Probabilities in a frequentist framework are about average occurrences of events in a hypothetical series of repetitions of those events. Imagine you observe a volcano for a long period of time. The number of times the volcano erupts within that time tells us the frequency of occurrence of the event of volcanic eruption. In other words, it tells us its (frequentist) probability. In the Bayesian framework, probabilities are about the level of (un)certainty that an event will occur at any specific time given certain conditions. This is probably the way we normally think about probabilities: like in the weather forecast, if somebody tells you tomorrow it will rain with a probability of 85%, you intuitively know that it is very likely that it will rain tomorrow although it is not certain. In the context of research, a frequentist probability tells you the probability of obtaining the same result again and again given an imaginary series of replications of the study that generated that probability. On the other hand, a Bayesian probability tells you the probability of your hypothesis given the results of your study and your prior beliefs.

Bayesian inference approaches are now gaining momentum in many fields, including linguistics. The main advantage of Bayesian inference is that it allows researchers to answer research questions in a more straightforward way, using a more intuitive take on uncertainty and probability than what frequentist methods can offer. Bayesian inference is based on the concept of updating prior beliefs in light of new data. Given a set of prior probabilities and observations, Bayesian inference allows us to revise those prior probabilities and produce posterior probabilities. This is possible through the Bayesian interpretation of probabilities in the context of Bayes’ Theorem, which takes the name from Rev. Thomas Bayes (1701–1771).

In simple conceptual terms, the Bayesian interpretation of Bayes’ Theorem states that the probability of a hypothesis \(h\) given the observed data \(d\) is proportional to the product of the prior probability of \(h\) and the probability of \(d\) given \(h\).

\[ P(h|d) \sim P(h) \cdot P(d|h) \]

The prior probability \(P(h)\) represents the researcher’s beliefs towards \(h\). These beliefs can be based on expert knowledge, previous studies or mathematical principles.

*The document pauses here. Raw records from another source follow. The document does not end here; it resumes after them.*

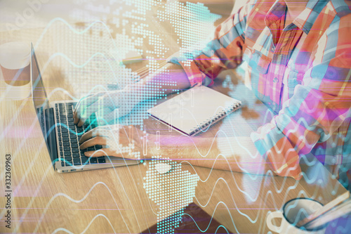 Multi exposure of forex graph with man working on computer on background. Concept of market analysis.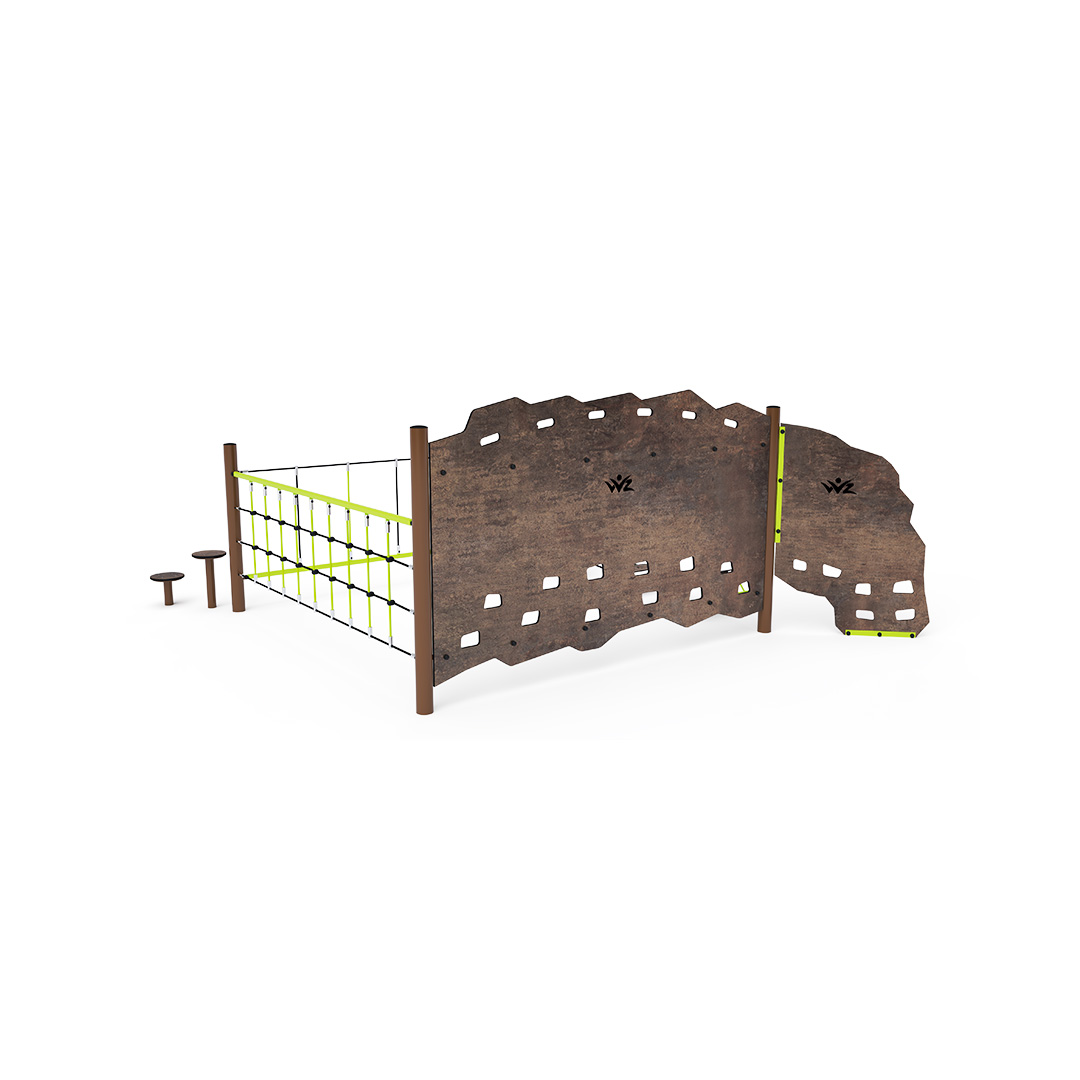 Ein Affenparcours, der aus vier Elementen besteht. Ein Teil dient zum Festhalten an den Seiten. Ein weiterer Teil besteht aus einem vertikalen Seilnetz, das die Handkraft der Kinder testet. Ein dritter Teil bildet eine vertikale Wand. Ein vierter Teil besteht aus HPL-Balancestufen, die nicht nur den Gleichgewichtssinn der Kinder trainieren, sondern ihnen auch zeigen, welche Spuren verschiedene Tiere hinterlassen. Die Spielelemente sind aus feuerverzinktem Stahl mit einer hochwertigen Oberflächenveredelung gefertigt. Die Verbindungsstücke bestehen aus Edelstahl und sind mit Kunststoffkappen versehen, um die Sicherheit und Langlebigkeit zu erhöhen. Die Seile bestehen aus Polyesterfasern, die um den Kern gewickelt sind. Diese Konstruktion erhöht die Festigkeit und Widerstandsfähigkeit der Seile gegen mechanische Belastung. Polyester besitzt viele positive Eigenschaften. Es ist resistent gegen Mikroorganismen und Witterungseinflüsse, trocknet schnell nach Regen, ist farbecht und zeichnet sich durch hohe Festigkeit aus.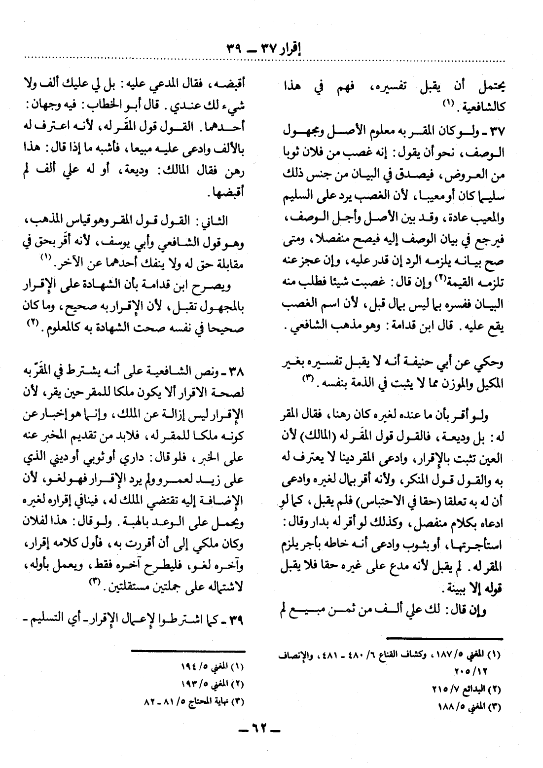 39 - كَمَا اشْتَرَطُوا لإِِعْمَال الإِْقْرَارِ - أَيِ التَّسْلِيمِ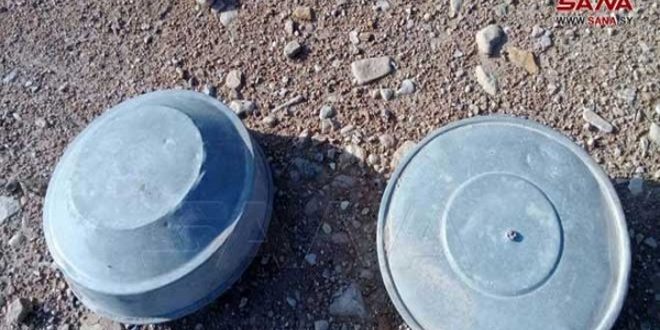 وذكر مراسل سانا في حماة أن لغما من مخلفات إرهابيي (داعش) انفجر في أراضي منطقة دويزين إلى الجنوب الشرقي من مدينة سلمية بريف حماة ما أدى إلى استشهاد مواطنين اثنين.

Let’s see a practical example of Bayesian updating based on the “globe-tossing” scenario described in McElreath (2020), Ch 2 (originally from Gelman, Nolan, and Nolan (2011)). Imagine holding a small globe that represents Earth. You want to know what fraction of its surface is covered by water. To estimate this, you adopt a simple method: toss the globe into the air, and when you catch it, note whether the spot under your right index finger is water (W) or land (L). Then toss it again and repeat. This process produces a sequence of observations. For example, the first nine outcomes might be: WLWWWLWLW. In this sequence, six outcomes are water and three are land. We call this sequence the data, i.e. \(d\). What we are trying to estimate here is the true proportion of water.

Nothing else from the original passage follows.